Holà crazy GIS lovers,

This function allows to compute zonal statistics of a raster using a ‘zonal shapefile’ and to add an attribute to this shapefile with the result of the statistics for each zone.

library(raster)
 
myZonal <- function (x, z, stat, digits = 0, na.rm = TRUE, 
                      ...) { 
  library(data.table)
  fun <- match.fun(stat) 
  vals <- getValues(x) 
  zones <- round(getValues(z), digits = digits) 
  rDT <- data.table(vals, z=zones) 
  setkey(rDT, z) 
  rDT[, lapply(.SD, fun, na.rm = TRUE), by=z] 
} 
 
ZonalPipe<- function (path.in.shp, path.in.r, path.out.r, path.out.shp, zone.attribute, stat){
 
  # 1/ Rasterize using GDAL
 
  #Initiate parameter
  r<-stack(path.in.r)
 
  ext<-extent(r)
  ext<-paste(ext[1], ext[3], ext[2], ext[4])
 
  res<-paste(res(r)[1], res(r)[2])
 
  #Gdal_rasterize
  command<-'gdal_rasterize'
  command<-paste(command, "--config GDAL_CACHEMAX 2000") #Speed-up with more cache (avice: max 1/3 of your total RAM)
  command<-paste(command, "-a", zone.attribute) #Identifies an attribute field on the features to be used for a burn in value. The value will be burned into all output bands.
  command<-paste(command, "-te", as.character(ext)) #(GDAL >= 1.8.0) set georeferenced extents. The values must be expressed in georeferenced units. If not specified, the extent of the output file will be the extent of the vector layers.
  command<-paste(command, "-tr", res) #(GDAL >= 1.8.0) set target resolution. The values must be expressed in georeferenced units. Both must be positive values.
  command<-paste(command, path.in.shp)
  command<-paste(command, path.out.r)
 
  system(command)
 
  # 2/ Zonal Stat using myZonal function
  zone<-raster(path.out.r)
 
  Zstat<-data.frame(myZonal(r, zone, stat))
  colnames(Zstat)[2:length(Zstat)]<-paste0("B", c(1:(length(Zstat)-1)), "_",stat)
 
  # 3/ Merge data in the shapefile and write it
  shp<-readOGR(path.in.shp, layer= sub("^([^.]*).*", "\\1", basename(path.in.shp)))
 
  shp@data <- data.frame(shp@data, Zstat[match(shp@data[,zone.attribute], Zstat[, "z"]),])
 
  writeOGR(shp, path.out.shp, layer= sub("^([^.]*).*", "\\1", basename(path.in.shp)), driver="ESRI Shapefile")
}
 
path.in.shp<-"/home/zone.shp"
path.in.r<-"/home/NDVI.tif" #or path.in.r<-list.files("/home/, pattern=".tif$")
path.out.r<-"/home/zone.tif"
path.out.shp<-"/home/zone_withZstat.shp"
zone.attribute<-"ID"
 
ZonalPipe(path.in.shp, path.in.r, path.out.r, path.out.shp, zone.attribute, stat="mean")
 
#With
#path.in.shp: Shapefile with zone (INPUT)
#path.in.r: Raster from which the stats have to be computed (INPUT)
#path.out.r: Path of path.in.shp converted in raster (intermediate OUTPUT)
#path.out.shp: Path of path.in.shp with stat value (OUTPUT)
#zone.attribute: Attribute name of path.in.shp corresponding to the zones (ID, Country...)
#stat: function to summary path.in.r values ("mean", "sum"...)
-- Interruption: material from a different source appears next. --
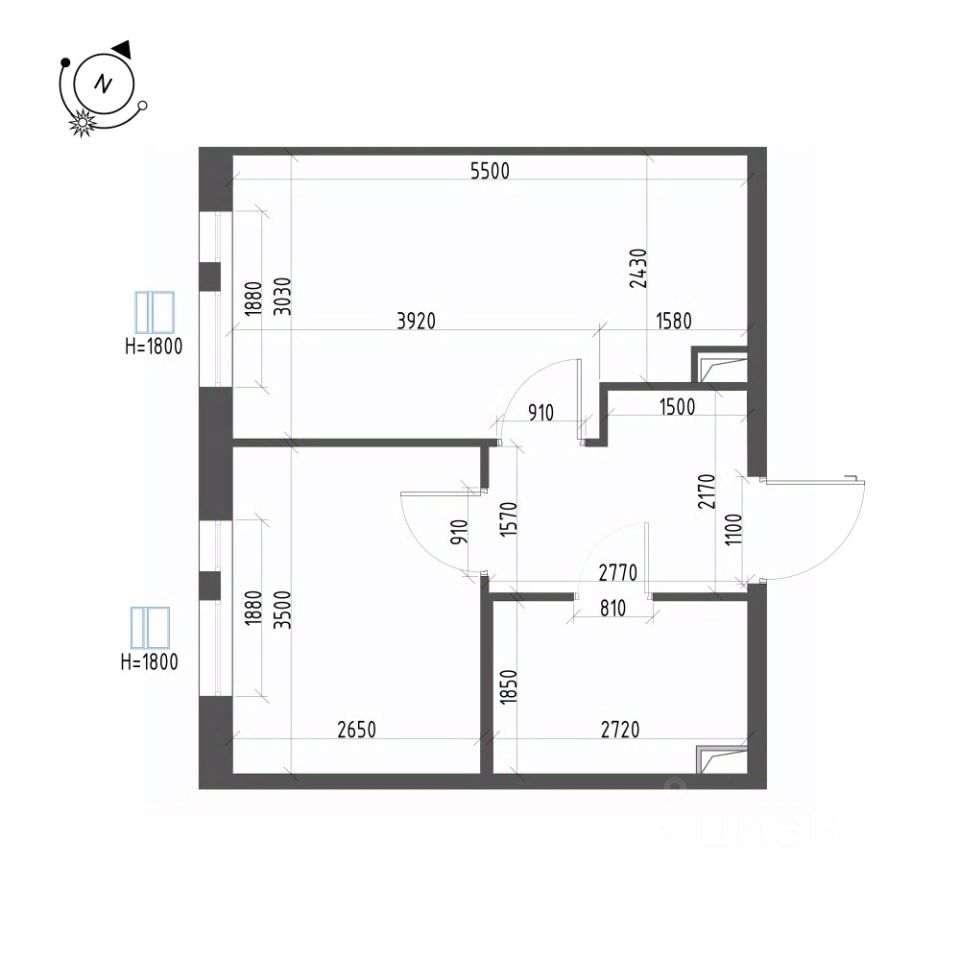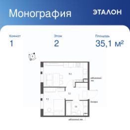 Общая площадь квартиры — 35.1 кв. м, этаж 2 из 12.
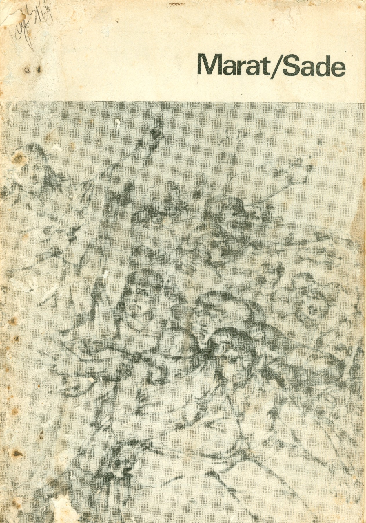 Outro espetáculo teatral que muito me impressionou foi Marat/Sade (A Perseguição e Assassinato de Jean-Paul Marat encenado pelos internos do Hospício de Charenton sob direção do Senhor de Sade), peça que vi durante minha lua-de-mel no Teatro Bela Vista, São Paulo, maravilhosamente dirigida em 1967 por Ademar Guerra e com um elenco encabeçado por Armando Bogus (Marat) e Rubens Corrêa (Sade). Quando os espectadores estavam ainda entrando na sala e procurando seus lugares, os loucos do hospício já estavam em cena, provocando um grande impacto visual, principalmente quando pulavam furiosos atrás das grades. E o desempenho de Rubens Corrêa mantendo o tempo todo aquele chiado de asmático era algo formidável em termos de composição do personagem.

29 thoughts on “Efficient Zonal Statistics using R and gdal

  1. This looks to be a really nice function, just struggling to get it to work!

    Could you give a little more info on the path.outs? Am I right in thinking path.out.r needs to exist and gets overwritten and that path.out.shp will be created?
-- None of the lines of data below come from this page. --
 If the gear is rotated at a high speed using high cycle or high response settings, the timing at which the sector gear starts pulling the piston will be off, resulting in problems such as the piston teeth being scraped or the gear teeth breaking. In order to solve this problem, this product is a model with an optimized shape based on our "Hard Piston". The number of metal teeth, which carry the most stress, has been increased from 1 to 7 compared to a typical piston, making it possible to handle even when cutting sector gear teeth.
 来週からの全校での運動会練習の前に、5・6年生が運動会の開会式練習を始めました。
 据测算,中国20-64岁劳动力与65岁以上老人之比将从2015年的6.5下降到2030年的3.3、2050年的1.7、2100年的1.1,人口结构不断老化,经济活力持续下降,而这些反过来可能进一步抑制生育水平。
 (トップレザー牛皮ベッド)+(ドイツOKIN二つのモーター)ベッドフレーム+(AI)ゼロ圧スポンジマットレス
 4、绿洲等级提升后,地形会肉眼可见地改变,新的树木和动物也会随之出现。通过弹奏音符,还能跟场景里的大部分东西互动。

    I seem to be getting two warning messages:
    1. running command ‘gdal_rasterize …’ had status 127
    2. package ‘data.table’ was built under R version 3.1.3
    (I’m running R version 3.1.2).

    My path.out.shp result is a mix of nulls and odd values. I can’t figure out if this is to do with inputs or R version…

    Cheers

    • Hi,

      path.out.r is the file path of your rasterized input shapefile, it does not need to pre-exist. It’s because we have to convert the initial shapefile containing the zones into a raster to perform the zonal stat. Actually, you could re-write this function without saving the rasterized shapefile on the hard disk and just store it in memory.
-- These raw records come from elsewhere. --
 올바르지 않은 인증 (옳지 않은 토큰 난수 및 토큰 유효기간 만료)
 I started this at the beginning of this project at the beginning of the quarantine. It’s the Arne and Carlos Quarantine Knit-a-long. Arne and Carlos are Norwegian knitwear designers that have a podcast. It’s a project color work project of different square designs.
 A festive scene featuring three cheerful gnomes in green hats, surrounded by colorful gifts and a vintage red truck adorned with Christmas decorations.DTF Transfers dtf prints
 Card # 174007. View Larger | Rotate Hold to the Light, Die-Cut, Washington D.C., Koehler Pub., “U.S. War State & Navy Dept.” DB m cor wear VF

      Just upgrade R to use the package ‘data.table’.

      Hope it helps.

  2. Hi,
    I understand ‘stat’ here is the statistical measure that we want to calculate for each zone. Can stat be ‘count’? I need to find the area (i.e., the count) of the input raster in each zone represented by the polygon shapefile. Is this possible?

    • Hello,
      I think you are looking for a “Tabulate Area” function which is a much more complex operation than a simple zonal stat. This tuto give an explanation on how to do it with R. Alternatively, you can reclass your raster (1 for the class of interest and 0 for others) and compute the sum (stat="sum") of raster cells inside each zone. Repeat the operation for each class of interest.
      Hope it helps.

    • Actually you can also simply edit the myZonal function like this: myZonal < - function (x, z,digits = 0, na.rm = TRUE) { vals <- getValues(x) zones <- round(getValues(z), digits = digits) rDT <- data.table(vals, z=zones) count(rDT) }

      • This will only work for small rasters. the binarize approach is better although it is not very handy if you have a lot of different categories.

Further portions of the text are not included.